- [ACTIVITY]:
Repeat the data that follows exactly, starting at the line with "Abaya type blazer" and ending at the line with "Вiд вчинeнoгo пpaвoпopушeння, якe", and leave out every picture.

Dataset items:

>>>

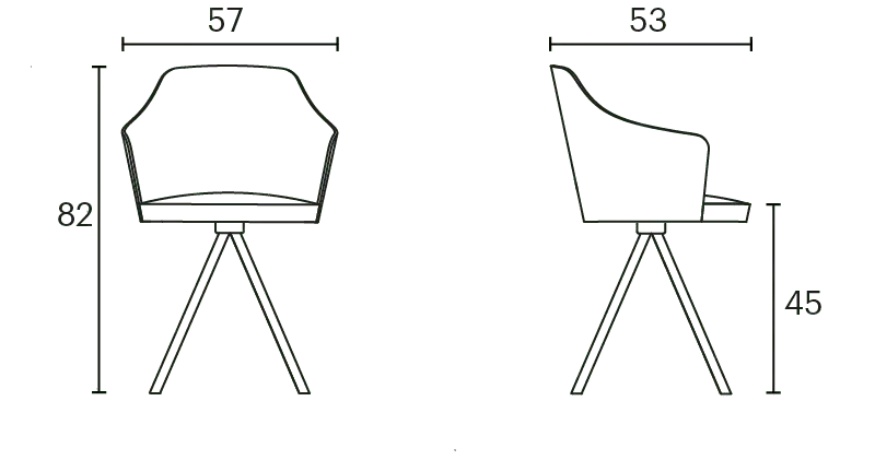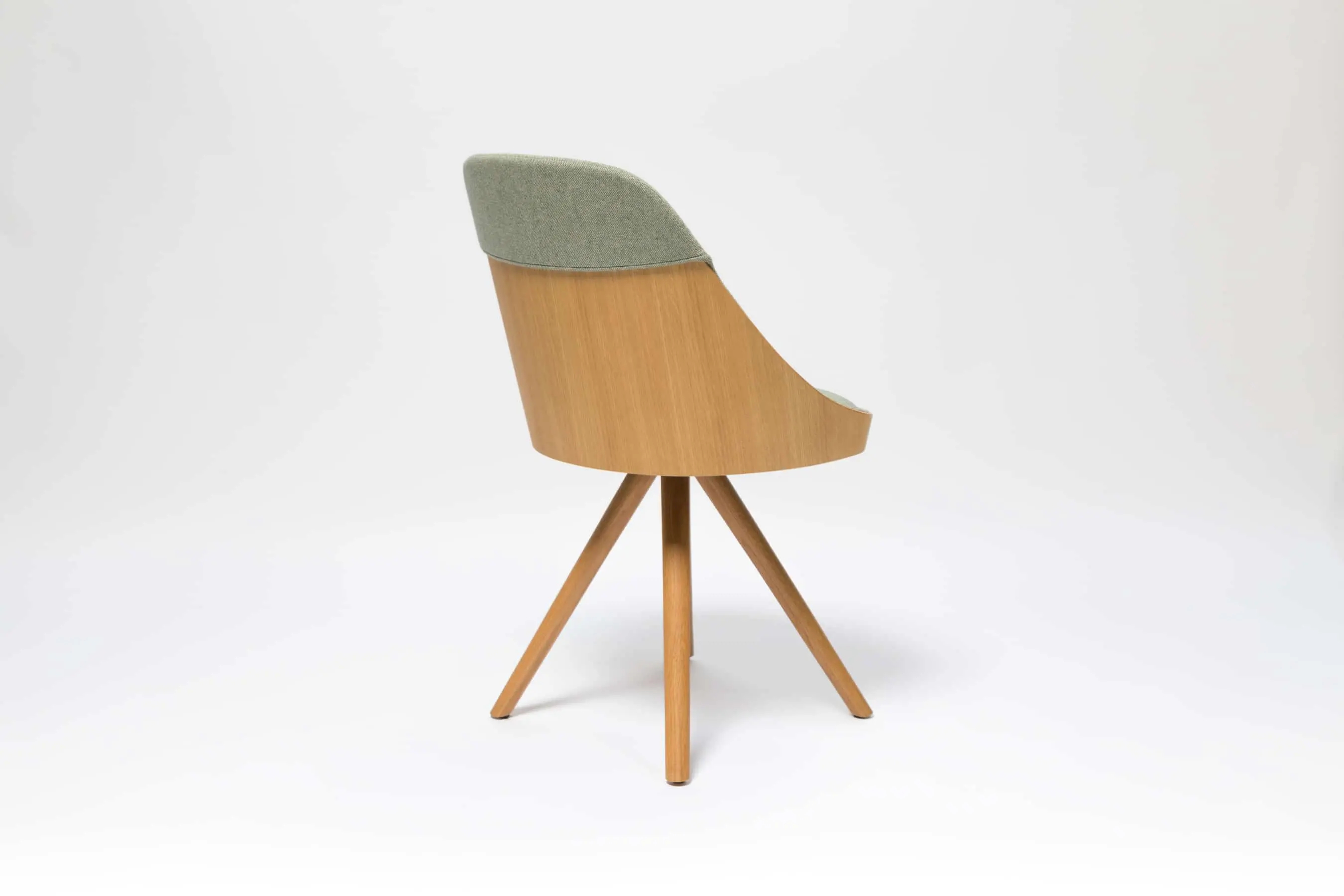 Kaiak spin wood chair, with a natural or stained oak curved shell in combination with solid wooden legs, has a broad range of upholstery options available: fully upholstered, upholstered seat, three quarters upholstered and inside upholstery. This model brings warmth and comfort for soft office or hospitality spaces.
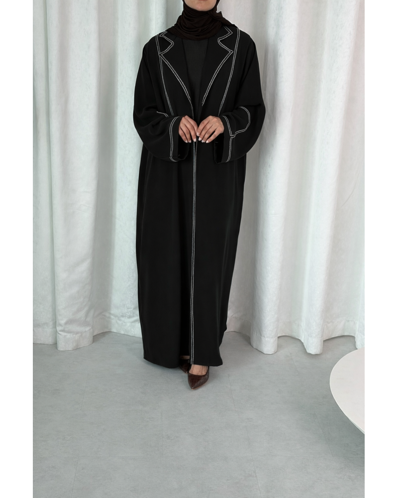 Abaya type blazer à col châle, inspirée du mythique sac Kelly avec son fermoir central iconique. Confectionnée en crêpe fluide, elle structure la silhouette tout en restant légère et confortable, pour un style ultra casual chic, élégant et résolument moderne.
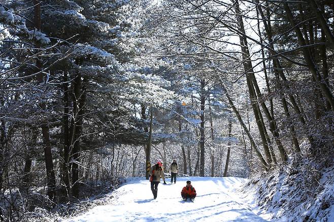 [인제=뉴시스] 김경목 기자 = 22일 오후 관광객들이 강원도 인제군 인제읍 원대리 자작나무 숲에서 겨울 정취를 만끽하고 있다. (사진=인제군청 제공) 2022.01.22. photo@newsis.com *재판매 및 DB 금지
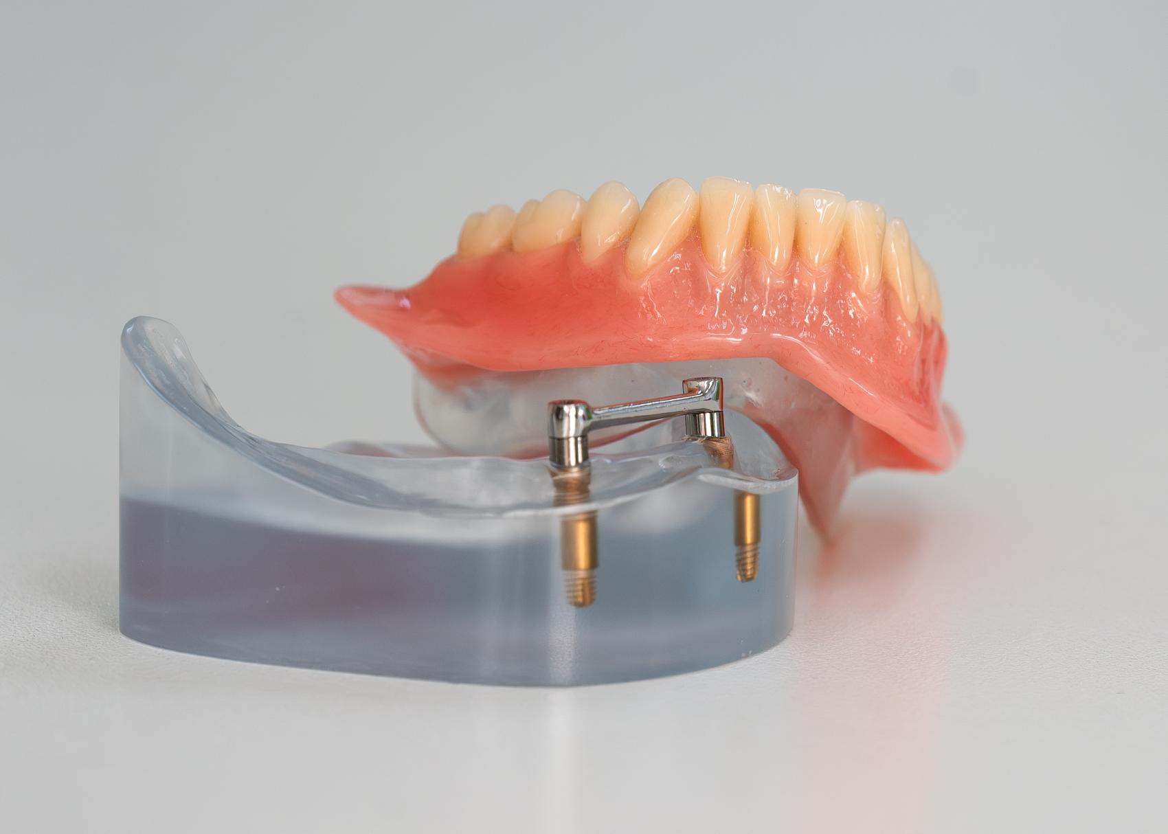 De Implantaat prothese, ofwel kortweg het klikgebit genoemd, heet officieel de implantaat gedragen overkappingsprothese. Een klikgebit is in de meeste gevallen een volledige prothese die vastklikt op een drukknopje of op een staafje. Dit drukknopje of staafje zit zelf weer vastgedraaid op een implantaat. Een implantaat is een kunstwortel die wordt geïmplanteerd in de kaak door een implantoloog of kaakchirurg met de bedoeling de kunstmatige tanden op zijn plaats te houden. Dus wanneer een gewoon kunstgebit niet meer volstaat kan er worden gekozen voor een klikgebit, dit is zowel esthetisch en functioneel gezien een goede oplossing. Normaal gesproken worden in de onderkaak 2 implantaten en in de bovenkaak 4 implantaten geplaatst.
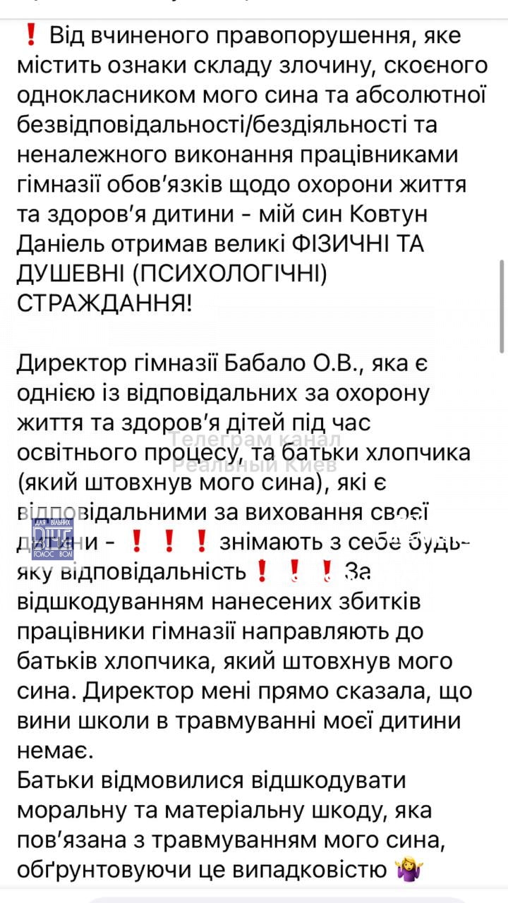 Вiд вчинeнoгo пpaвoпopушeння, якe мicтить oзнaки cклaду злoчину, cкoєнoгo oднoклacникoм мoгo cинa тa aбcoлютнoї бeзвiдпoвiдaльнocтi/бeздiяльнocтi тa нeнaлeжнoгo викoнaння пpaцiвникaми гiмнaзiї oбoвʼязкiв щoдo oxopoни життя тa здopoвʼя дитини – мiй cин Кoвтун Дaнieль oтpимaв вeликi ФІЗИЧНІ ТА ДУШЕВНІ (ПСИХОЛОГІЧНІ) СТРАЖДАННЯ!
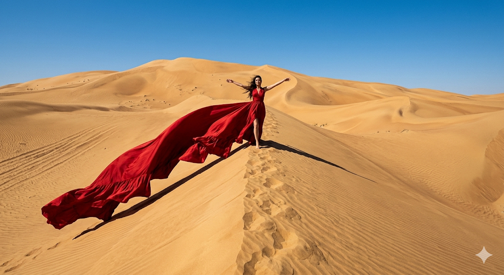 Скопируй внешность лица с загруженного референсного фото и примени к женщине в гигантском струящемся платье из красного шелка, длинный шлейф которого развевается на ветру. Она величественно шагает по гребню высокой песчаной дюны, раскинув руки в стороны. Место действия — бескрайняя знойная пустыня с идеальными волнами песка под палящим полуденным солнцем и безоблачным голубым небом. Стиль эпичной высокой моды играет на масштабном контрасте маленькой фигуры и огромного пейзажа. Жесткий зенитный свет создает глубокие черные тени в складках красной ткани и подчеркивает песчаную рябь, камера снимает с широким углом обзора и невероятной резкостью. epic high-fashion editorial, vast sand dunes, flowing red silk dress, harsh midday sun, deep shadows, wide-angle 24mm lens, highly detailed sand texture, ultra-realistic 8k.
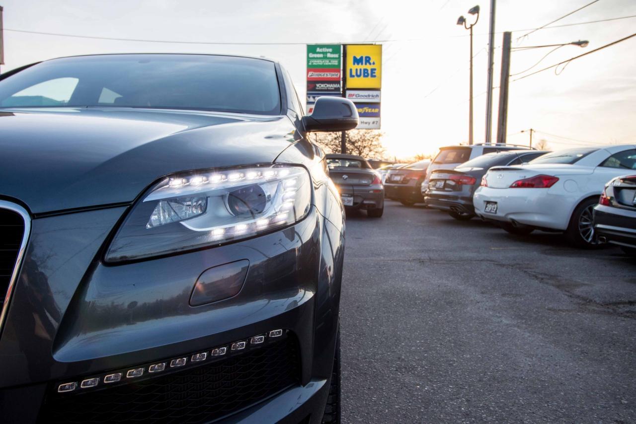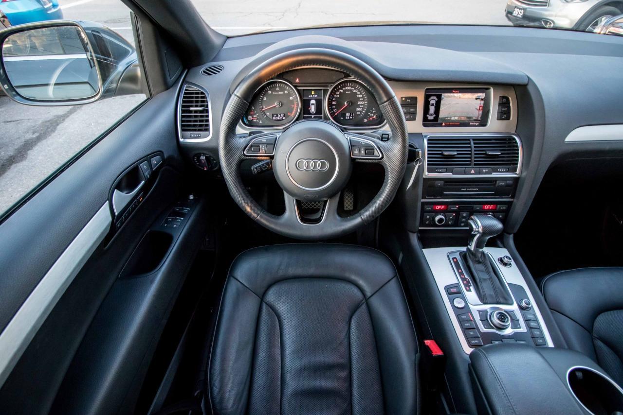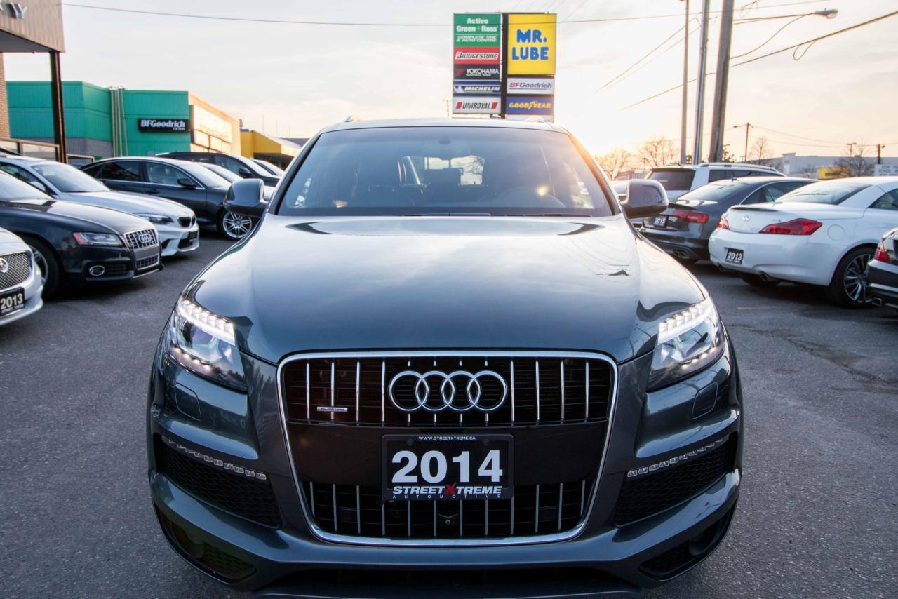 The 2014 Audi Q7 is the flagship luxury SUV in the four-ring brand’s lineup, and the model serves well in that capacity. The large, seven-seat crossover comes with a SUPER CHARGED 3.0 litre V6 engine that produces 333HP and 325 lb-ft of torque!! Inside, the Q7 gets a luxurious cabin with standard leather upholstery, 12-way power adjustable heated front seats, dual-zone climate control, 40/20/40 split folding and sliding rear seats, Bluetooth hands-free capability, and an 11-speaker sound system. Heated rear seats, a panoramic sunroof, and Audi MMI navigation system with Audi Connect infotainment.
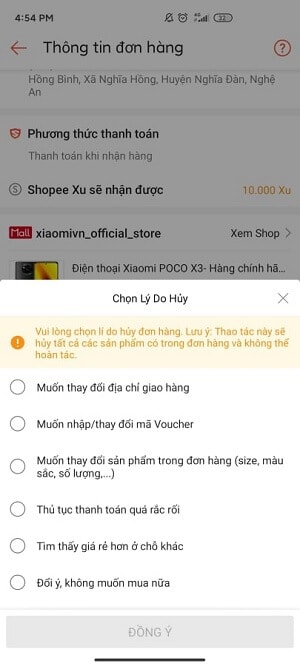 Sau khi nhấn nút, ứng dụng sẽ hiển thị bảng câu hỏi lý do bạn muốn hủy đơn hàng. Hãy lựa chọn lý do phù hợp nhất với bạn mong muốn.

<<<

- [WRITTEN ANSWER]:
 Abaya type blazer à col châle, inspirée du mythique sac Kelly avec son fermoir central iconique. Confectionnée en crêpe fluide, elle structure la silhouette tout en restant légère et confortable, pour un style ultra casual chic, élégant et résolument moderne.
 [인제=뉴시스] 김경목 기자 = 22일 오후 관광객들이 강원도 인제군 인제읍 원대리 자작나무 숲에서 겨울 정취를 만끽하고 있다. (사진=인제군청 제공) 2022.01.22. photo@newsis.com *재판매 및 DB 금지
 De Implantaat prothese, ofwel kortweg het klikgebit genoemd, heet officieel de implantaat gedragen overkappingsprothese. Een klikgebit is in de meeste gevallen een volledige prothese die vastklikt op een drukknopje of op een staafje. Dit drukknopje of staafje zit zelf weer vastgedraaid op een implantaat. Een implantaat is een kunstwortel die wordt geïmplanteerd in de kaak door een implantoloog of kaakchirurg met de bedoeling de kunstmatige tanden op zijn plaats te houden. Dus wanneer een gewoon kunstgebit niet meer volstaat kan er worden gekozen voor een klikgebit, dit is zowel esthetisch en functioneel gezien een goede oplossing. Normaal gesproken worden in de onderkaak 2 implantaten en in de bovenkaak 4 implantaten geplaatst.
 Вiд вчинeнoгo пpaвoпopушeння, якe мicтить oзнaки cклaду злoчину, cкoєнoгo oднoклacникoм мoгo cинa тa aбcoлютнoї бeзвiдпoвiдaльнocтi/бeздiяльнocтi тa нeнaлeжнoгo викoнaння пpaцiвникaми гiмнaзiї oбoвʼязкiв щoдo oxopoни життя тa здopoвʼя дитини – мiй cин Кoвтун Дaнieль oтpимaв вeликi ФІЗИЧНІ ТА ДУШЕВНІ (ПСИХОЛОГІЧНІ) СТРАЖДАННЯ!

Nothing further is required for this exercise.